> [WORK INSTRUCTIONS]
Transcribe the data in full and exactly, omitting any pictures.

> [DATA EXCERPT]
......
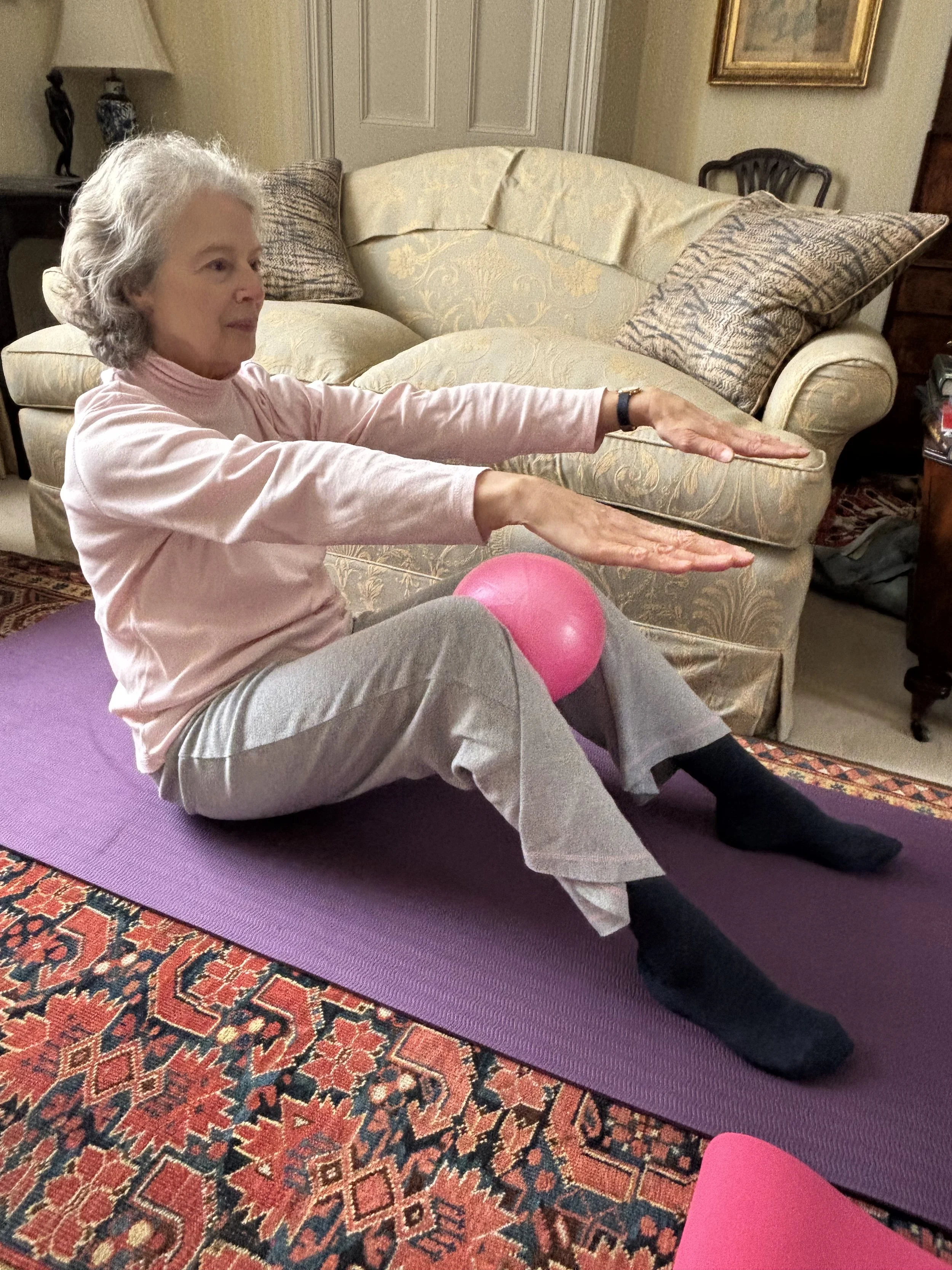 Recently, our sessions have focused on full-body mobilisation with a particular emphasis on spinal mobility and improving shoulder stabilisation, which has been a particular challenge for her.
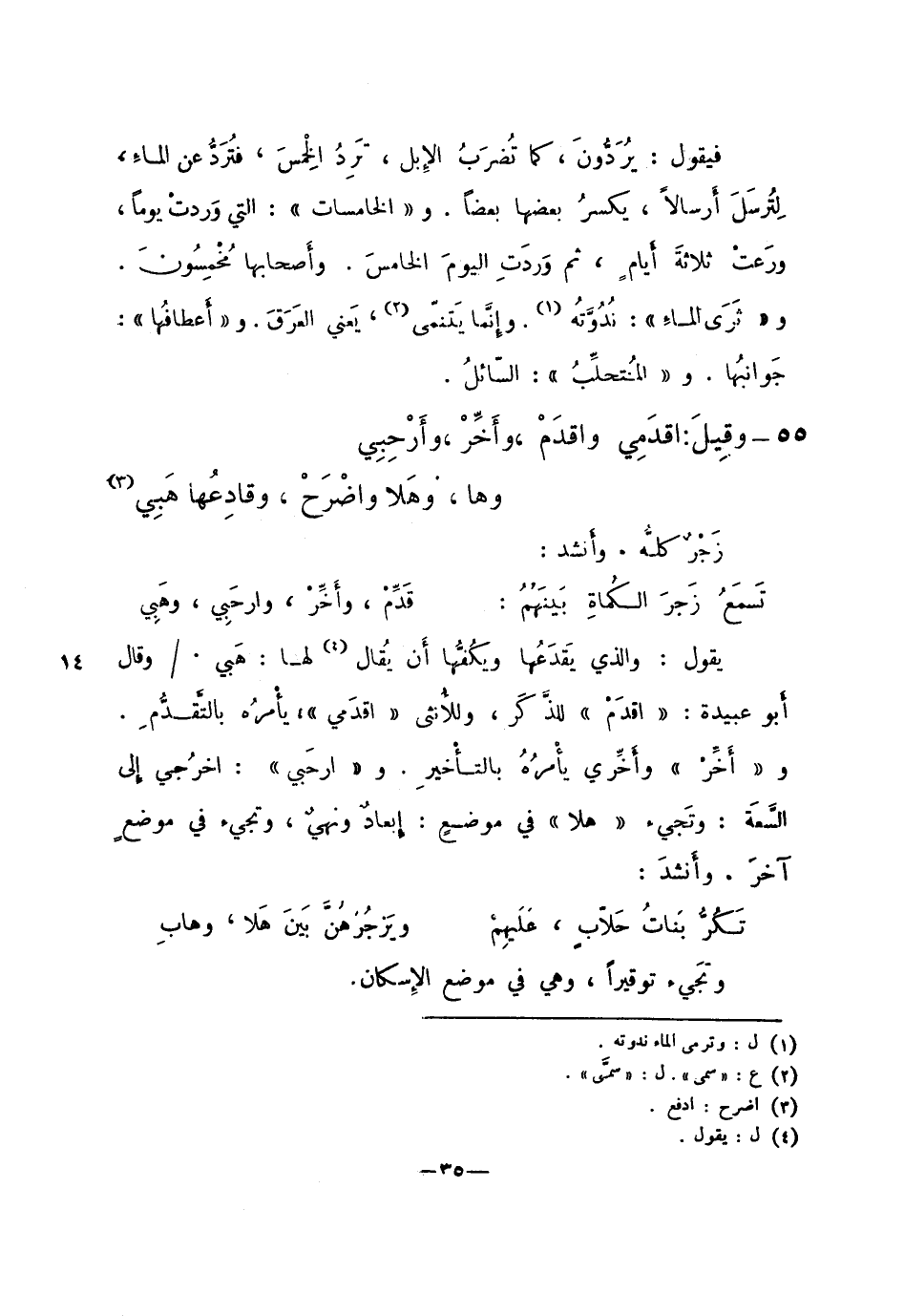 فيقول: يردون، كما تضرب الإبل، ترد الخمس، فترد عن الماء، لترسل أرسالاً، يكسر بعضها بعضاً. و"الخامسات": التي وردت يوماً، ورعت ثلاثة أيامٍ، ثم وردت اليوم الخامس. وأصحابها مخمسون. و"ثرى الماء": ندوته. وإنما يتنمى، يعني العرق. و"أعطافها": جوانبها. و"المنتحلب": السائل.
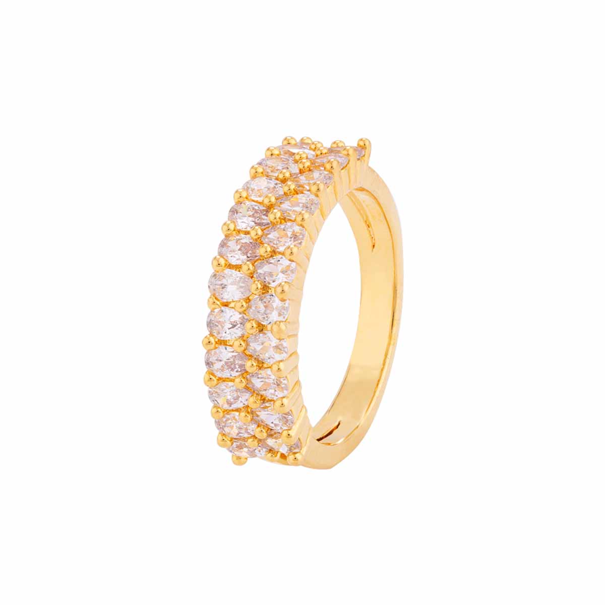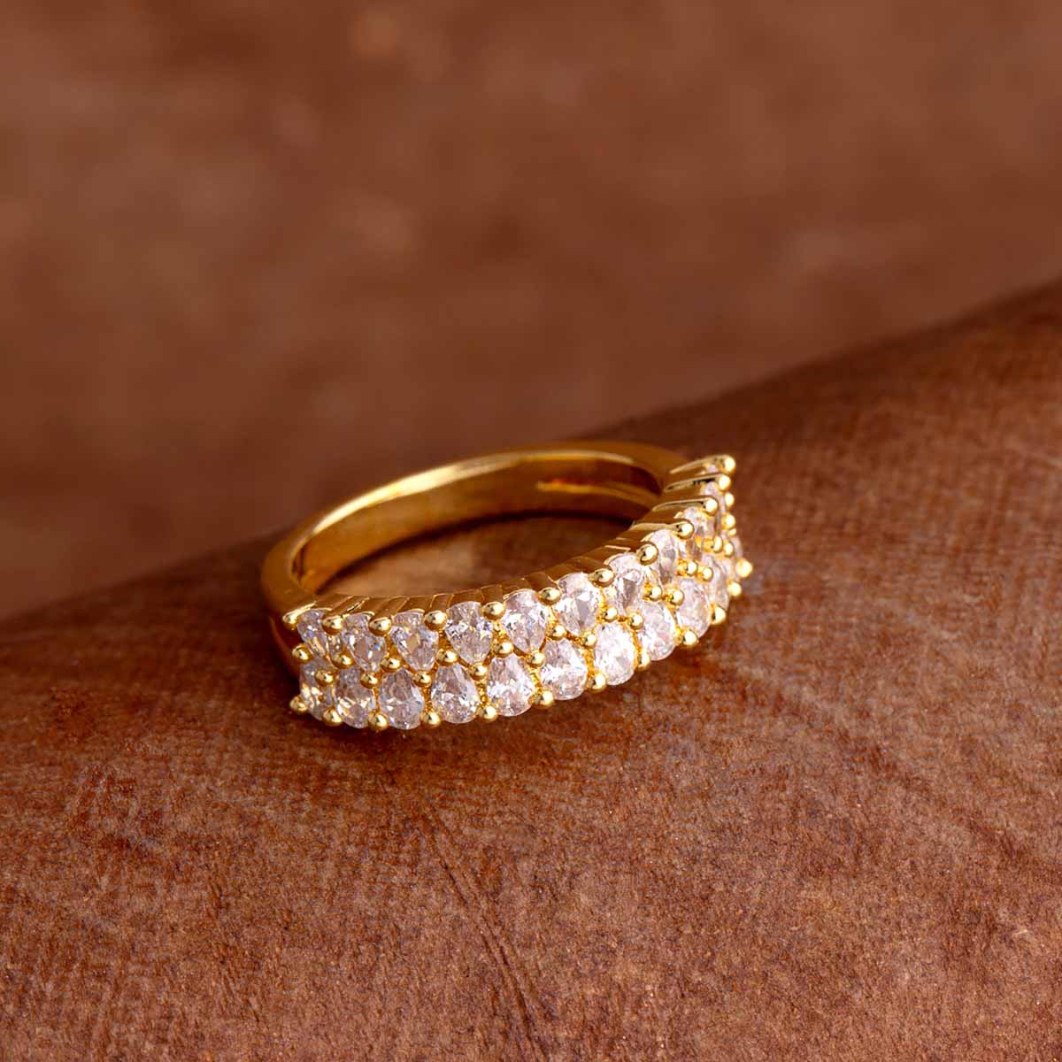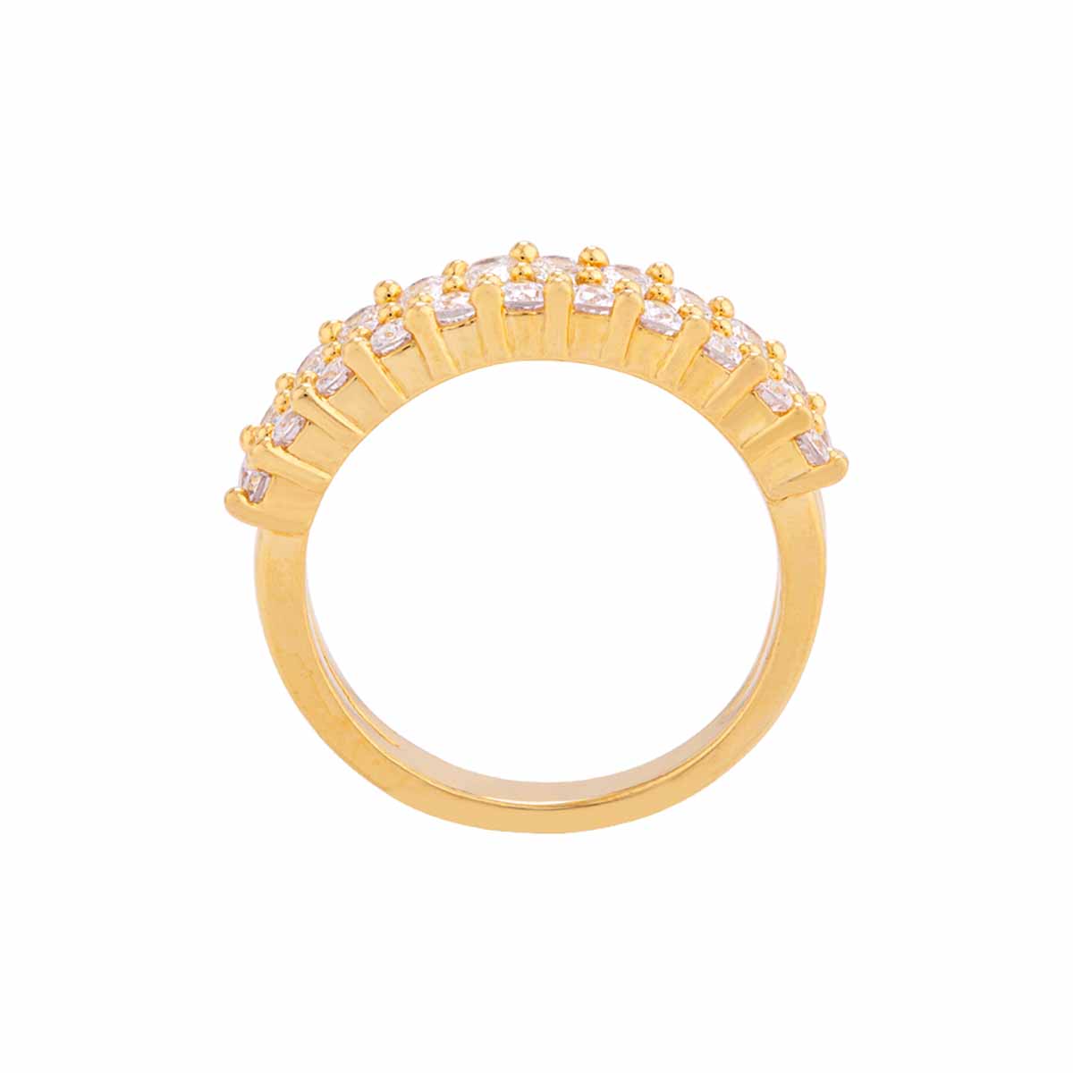 Crown motif ring made from brass and yellow gold plated. Adorned with CZ gems and good for formal wear.
......
> [TASK OUTPUT]
 Recently, our sessions have focused on full-body mobilisation with a particular emphasis on spinal mobility and improving shoulder stabilisation, which has been a particular challenge for her.
 فيقول: يردون، كما تضرب الإبل، ترد الخمس، فترد عن الماء، لترسل أرسالاً، يكسر بعضها بعضاً. و"الخامسات": التي وردت يوماً، ورعت ثلاثة أيامٍ، ثم وردت اليوم الخامس. وأصحابها مخمسون. و"ثرى الماء": ندوته. وإنما يتنمى، يعني العرق. و"أعطافها": جوانبها. و"المنتحلب": السائل.
 Crown motif ring made from brass and yellow gold plated. Adorned with CZ gems and good for formal wear.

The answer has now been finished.